==== Materials provided
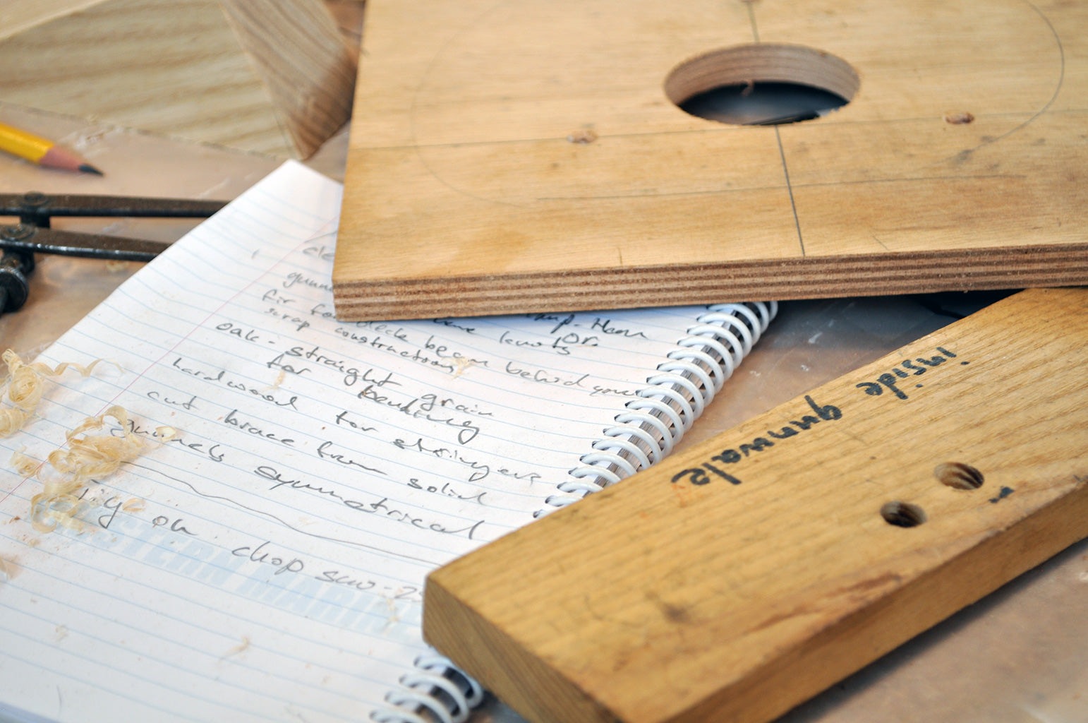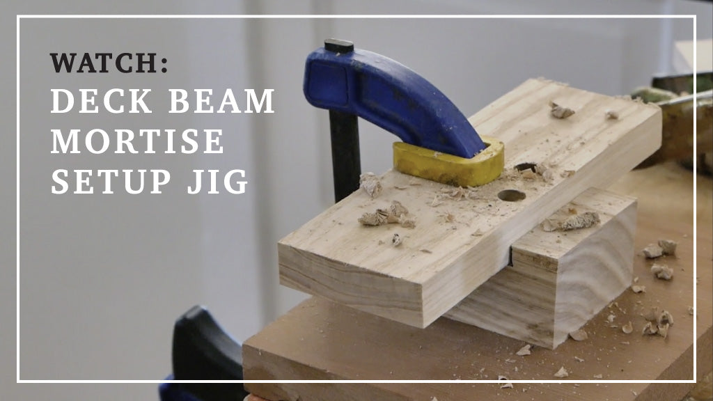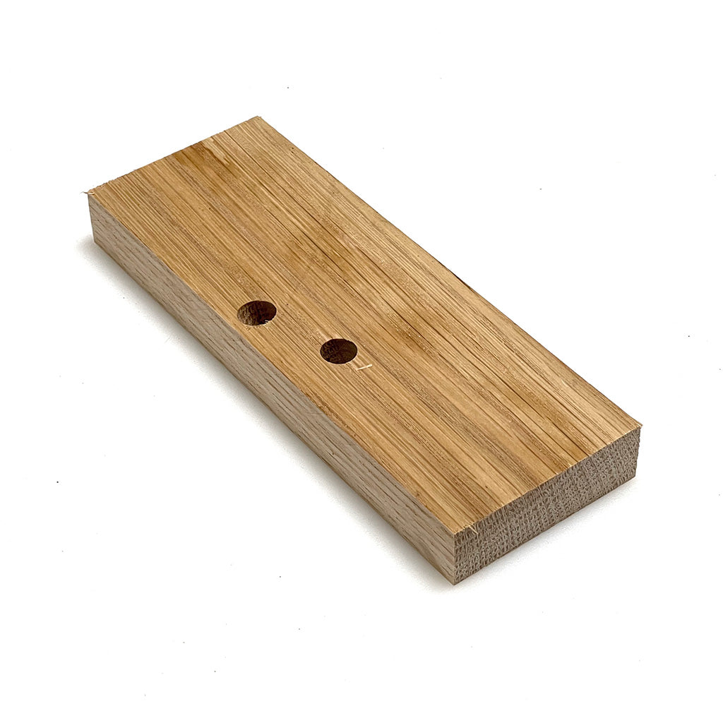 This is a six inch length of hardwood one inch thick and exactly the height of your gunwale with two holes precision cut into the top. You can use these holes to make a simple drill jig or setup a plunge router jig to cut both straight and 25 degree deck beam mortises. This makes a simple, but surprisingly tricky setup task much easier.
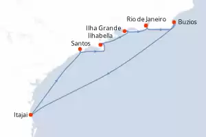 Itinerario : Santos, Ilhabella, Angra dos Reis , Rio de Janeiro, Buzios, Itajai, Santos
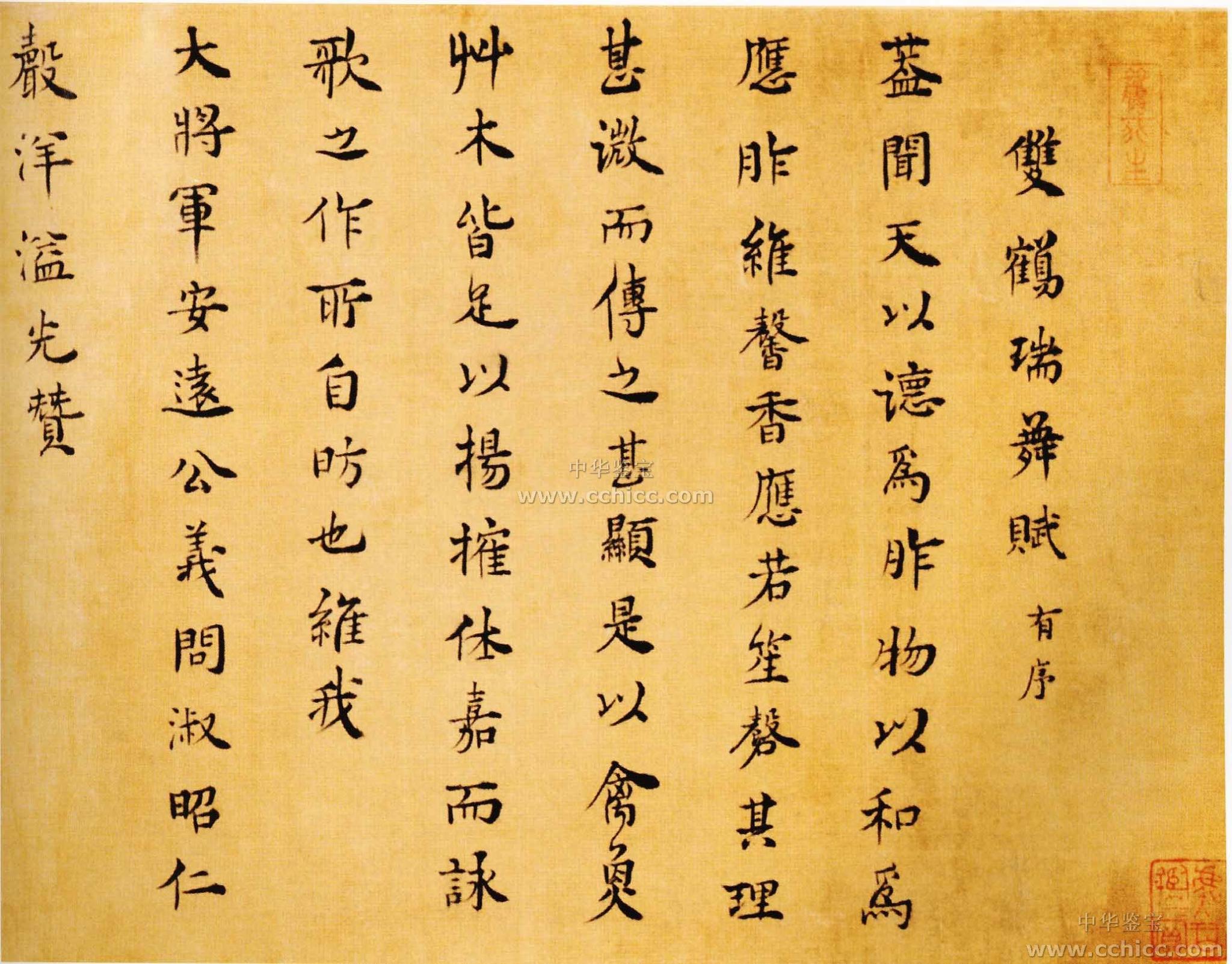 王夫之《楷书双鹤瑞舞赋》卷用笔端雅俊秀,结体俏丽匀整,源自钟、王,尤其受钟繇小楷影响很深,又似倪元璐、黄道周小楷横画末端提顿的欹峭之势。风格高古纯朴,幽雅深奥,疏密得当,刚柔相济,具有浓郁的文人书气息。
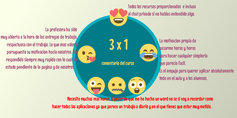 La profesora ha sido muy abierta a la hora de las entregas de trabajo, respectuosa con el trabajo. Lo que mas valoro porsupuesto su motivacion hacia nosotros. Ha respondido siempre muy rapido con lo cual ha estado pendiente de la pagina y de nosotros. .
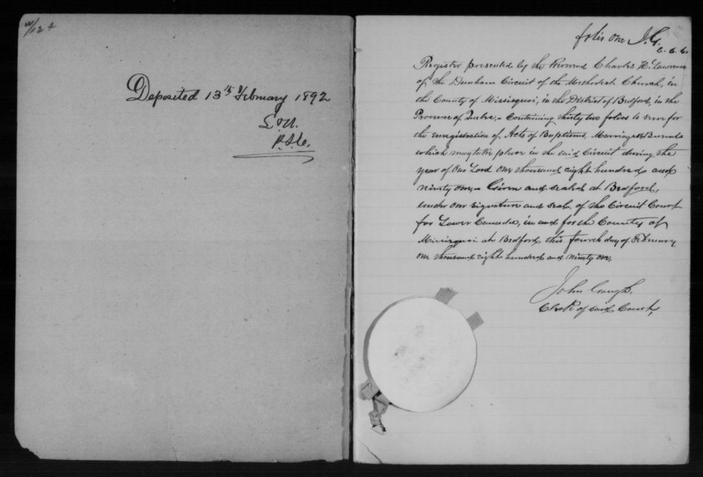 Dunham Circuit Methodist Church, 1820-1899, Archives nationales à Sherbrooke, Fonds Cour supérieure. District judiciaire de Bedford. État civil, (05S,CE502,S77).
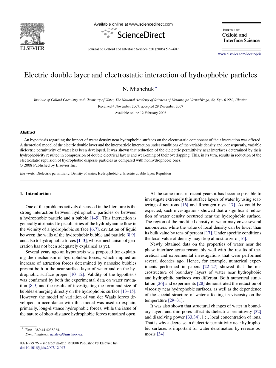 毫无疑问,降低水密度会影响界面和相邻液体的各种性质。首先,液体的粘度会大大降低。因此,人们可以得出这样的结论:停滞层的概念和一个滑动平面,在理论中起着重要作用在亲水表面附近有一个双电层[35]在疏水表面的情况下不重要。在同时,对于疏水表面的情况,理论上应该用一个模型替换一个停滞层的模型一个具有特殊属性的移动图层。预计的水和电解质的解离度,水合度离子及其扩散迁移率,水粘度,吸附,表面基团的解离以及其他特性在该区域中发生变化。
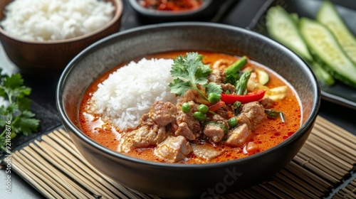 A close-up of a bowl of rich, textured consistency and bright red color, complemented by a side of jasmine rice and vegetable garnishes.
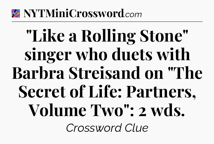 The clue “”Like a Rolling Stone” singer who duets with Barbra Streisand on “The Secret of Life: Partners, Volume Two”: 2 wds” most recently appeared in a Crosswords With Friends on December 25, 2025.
========
- **Activity**
Copy the entries above exactly, but only the stretch from the line containing "Itinerario : Santos, Ilhabella, Angra" through the line containing "王夫之《楷书双鹤瑞舞赋》卷用". Keep both end lines; drop the pictures.

- **Exercise answer**
 Itinerario : Santos, Ilhabella, Angra dos Reis , Rio de Janeiro, Buzios, Itajai, Santos
 王夫之《楷书双鹤瑞舞赋》卷用笔端雅俊秀,结体俏丽匀整,源自钟、王,尤其受钟繇小楷影响很深,又似倪元璐、黄道周小楷横画末端提顿的欹峭之势。风格高古纯朴,幽雅深奥,疏密得当,刚柔相济,具有浓郁的文人书气息。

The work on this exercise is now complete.